Плодотворность метода и концептуальная глубина принимаемых способов и путей решения философских проблем в большей степени зависит от того, что формулируется в качестве исходной точки философствования, какова порождающая их идея. Как и в любой другой интеллектуальной деятельности, в философии выбор путей решения проблем и выдвижение основных концептуальных положений имеет свои когнитивные причины. Их настоящая жизнеспособность становится очевидной тогда, когда человек понимает, что все они приводятся в движение благодаря действию, в сущности, одной глубинной причины — в силу творческой, преобразующей природы человеческого понимания.
Содержание того или иного аспекта исследуемой проблемы предопределяет методику ее решения, из чего можно заключить, что внутри проблемы кроется ее правильное решение, а задача исследователя сводится лишь к тому, чтобы каким-то хитроумным способом “вытянуть” его из контекста. Но так ли это просто на самом деле или эта простота только кажущаяся? Попробуем разобраться. Например, ученый, занимающийся научным исследованием в какой-то области знания и пишущий книгу, обуреваем массой самых разных проблем. Допустим, он пишет монографию по философии времени, и при этом сам поставлен в жесткие временные рамки. Известен конкретный срок сдачи рукописи в издательство, каждый прожитый день приближает этот срок и наш ученый вынужден сужать круг своего общения с окружающими, апеллируя к единственно понятному всеми и к самому простому аргументу: “Простите, но у меня совсем нет времени…”. Какие выводы мы можем сделать из этого примера? Действительно, ситуация кажется парадоксальной и даже смешной — человек пишет о времени, а сам времени не имеет. Является ли такая постановка вопроса проблемой? В обычном смысле, да, это проблема. Но проблема личной организации своего рабочего времени. С другой стороны, мы понимаем, что если кто-то из наших друзей или знакомых сетует на то, что у него “совсем нет времени”, то это не вызывает у нас недоумения, но лишь сочувствие, поскольку сама фраза, как, впрочем, и другие фразы подобного рода (типа: “этот труд призван пролить свет на проблему”), никогда не трактуются нами буквально. Напротив, для нас очевидным представляется именно тот смысл, который стоит за текстом. Мы опускаем их буквальный смысл, а наше отношение к ним и наше понимание оказывается попросту ситуационным. При этом ситуация, касающаяся “отсутствия времени”, воспринимается вполне определенно: нашего друга тяготят посторонние вопросы и проблемы, отвлекающие его от основной работы.
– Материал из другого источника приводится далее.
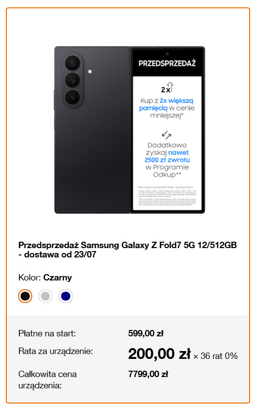 W przypadku modelu Samsung Galaxy Z Fold 7 512 GB, jego dwuletnia eksploatacja wyniesie 9519 złotych, u Galaxy Z Fold 7 5719 złotych, a najtańszego Galaxy Z Flip 7 FE – 5019 zł przez 2 lata. To sporo mniej niż w Play i T-Mobile Polska, a w dodatku – np. w razie kłopotów z zasięgiem – możesz w każdej chwili emigrować do innej sieci. Jedynie Samsung Galaxy Z Fold 7 512 GB wypada nieco taniej w Orange Polska, ale jest to zasługa darmowego abonamentu przez pierwszy kwartał i ceny smartfona wynoszącej nie 8799, a tylko 7799 złotych. Minusem tego rozwiązania jest rozbicie ceny telefonu na aż 36 rat.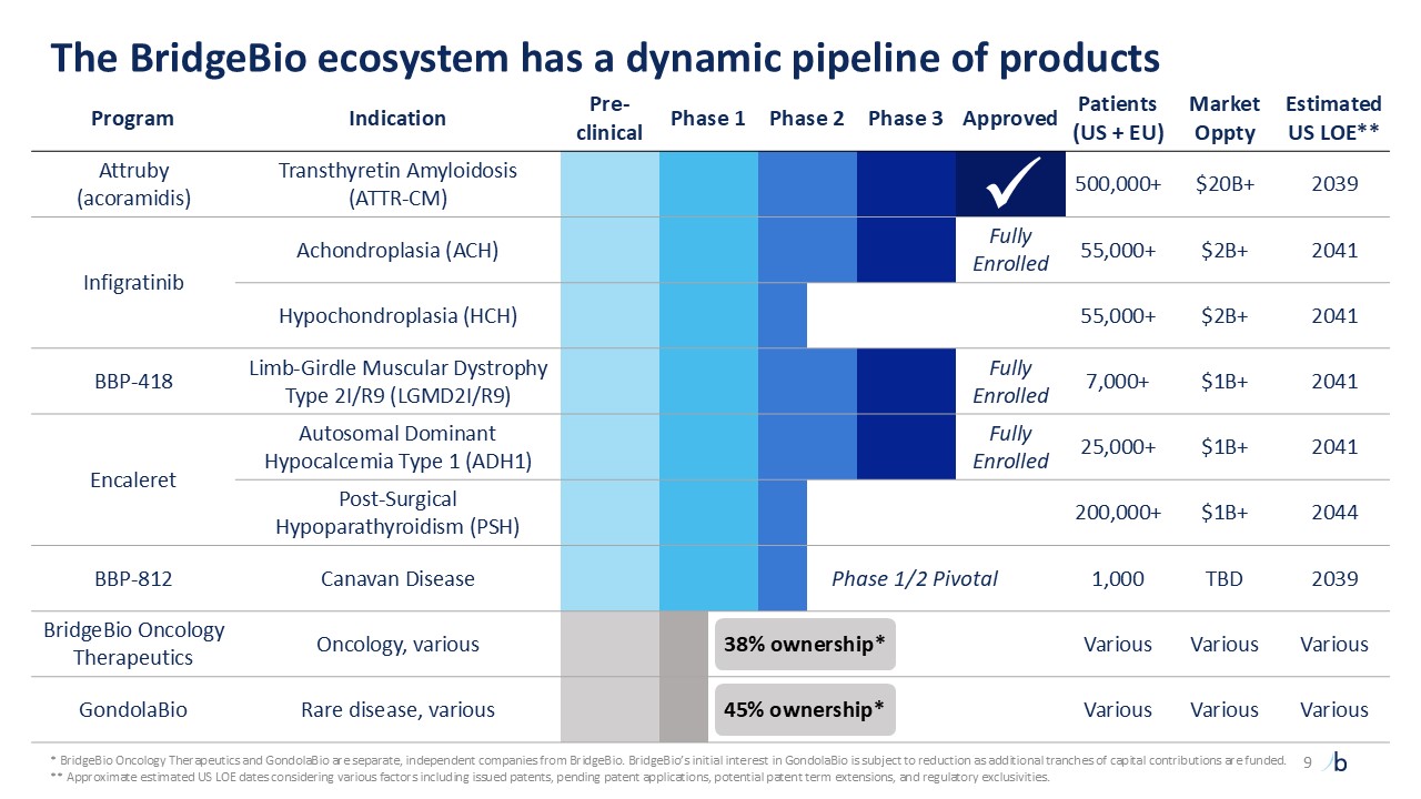 The BridgeBio ecosystem has a dynamic pipeline of products  Program  Indication  Pre-clinical  Phase 1  Phase 2  Phase 3  Approved  Patients  (US + EU)  Market Oppty  Estimated US LOE**  Attruby  (acoramidis)  Transthyretin Amyloidosis   (ATTR-CM)  500,000+  $20B+  2039  Infigratinib  Achondroplasia (ACH)  Fully Enrolled  55,000+  $2B+  2041  Hypochondroplasia (HCH)  55,000+  $2B+  2041  BBP-418  Limb-Girdle Muscular Dystrophy   Type 2I/R9 (LGMD2I/R9)  Fully Enrolled  7,000+  $1B+  2041  Encaleret  Autosomal Dominant Hypocalcemia Type 1 (ADH1)  Fully Enrolled  25,000+  $1B+  2041  Post-Surgical   Hypoparathyroidism (PSH)  200,000+  $1B+  2044  BBP-812  Canavan Disease  1,000  TBD  2039  BridgeBio Oncology Therapeutics  Oncology, various  Various  Various  Various  GondolaBio  Rare disease, various  Various  Various  Various    Phase 1/2 Pivotal  45% ownership*  38% ownership*  * BridgeBio Oncology Therapeutics and GondolaBio are separate, independent companies from BridgeBio. BridgeBio’s initial interest in GondolaBio is subject to reduction as additional tranches of capital contributions are funded.  ** Approximate estimated US LOE dates considering various factors including issued patents, pending patent applications, potential patent term extensions, and regulatory exclusivities.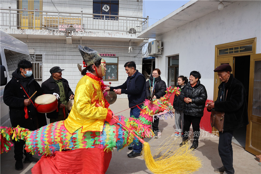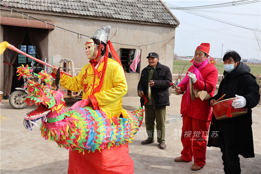(特约摄影 王华 11:58摄 13:05上线)2月16日,连云港市灌南县田楼镇浦二庄村,民间艺人正在村民家门前跳麒麟欢庆马年春节。每年春节,当地民间艺人就会用竹篾或芦柴开始制作麒麟,给新春佳节增添喜庆色彩。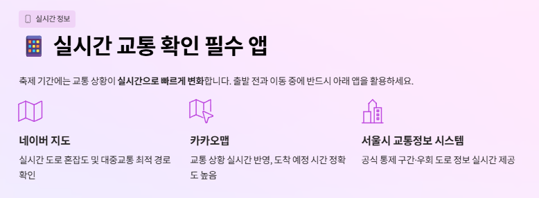 ✔ 주의: 행사 기간에는 교통 통제 구간이 발생하므로 실시간 교통정보 앱 확인 필수!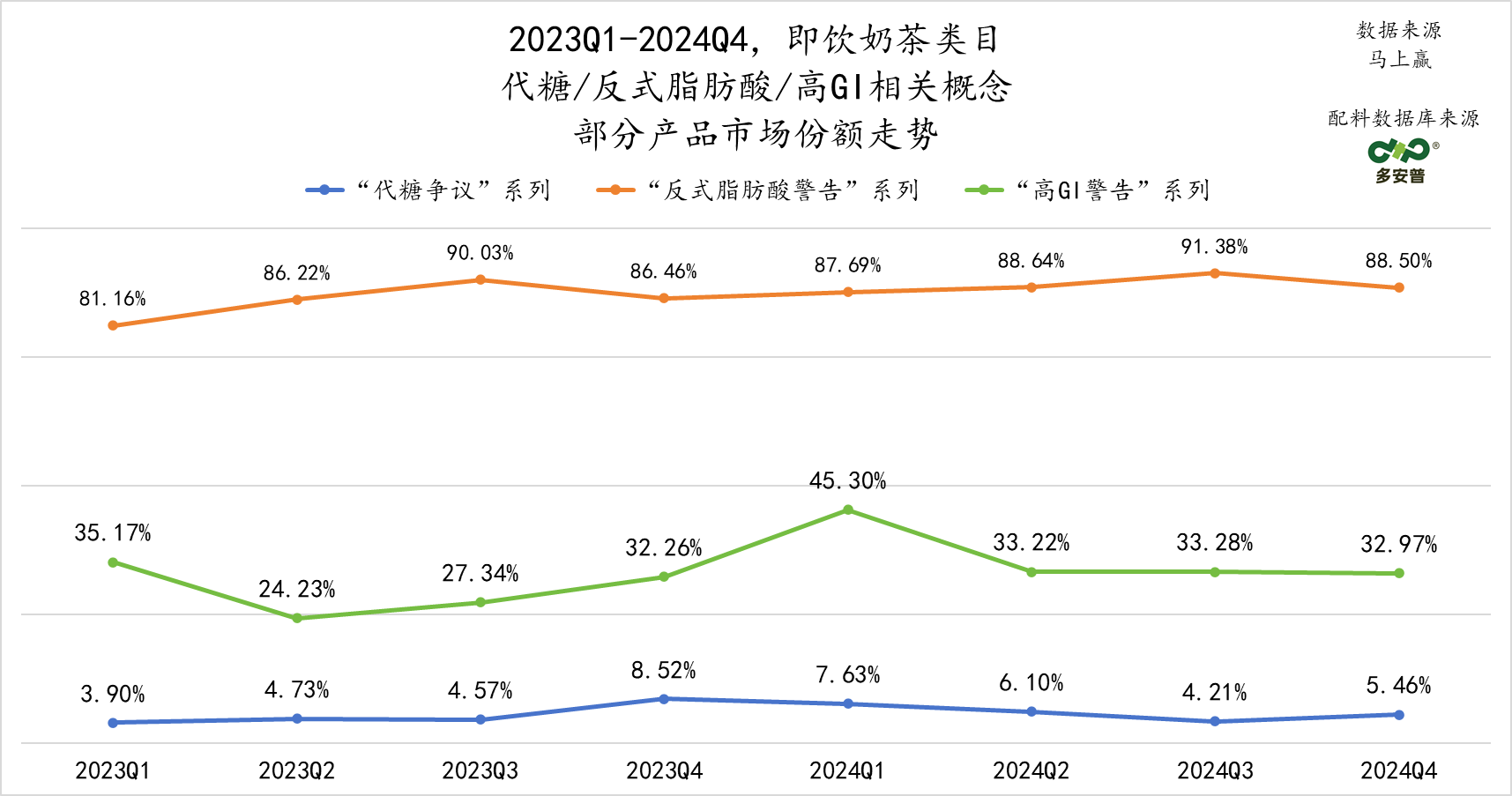 - 含有“高GI警告”系列原料的产品市场份额在25%~45%之间波动,且呈现出一定的上升趋势;

Итак, существуют фразы (предложения, высказывания), смысл которых не должен пониматься (и никогда не понимается) буквально. Такие фразы могут быть правильно поняты и адекватно истолкованы только в том случае, если понимание ситуации оказывается шире смыслового содержания тех слов, которые составляют фразу. Задумываемся ли мы над обыденными ситуациями подобного рода в нашей повседневной жизни? Скорее всего, нет. Однако они не кажутся нам бессмысленными. Все дело в том, что мы привыкли в повседневной жизни (в речи, в языке, в культурно-коммуникативных актах) широко использовать не только метафорический язык, но и такие выражения, значение которых находится как бы вне слов — в зоне молчаливого понимания, что как раз и придает завершенность и смысл такого рода текстам. Обычно человек признает такие “недосказанные” (внеязыковые, внеречевые) смыслы как сами собой разумеющиеся; реагирует и понимает (интерпретирует) смысл и контекст так, как это принято в его среде, в языке, в культуре.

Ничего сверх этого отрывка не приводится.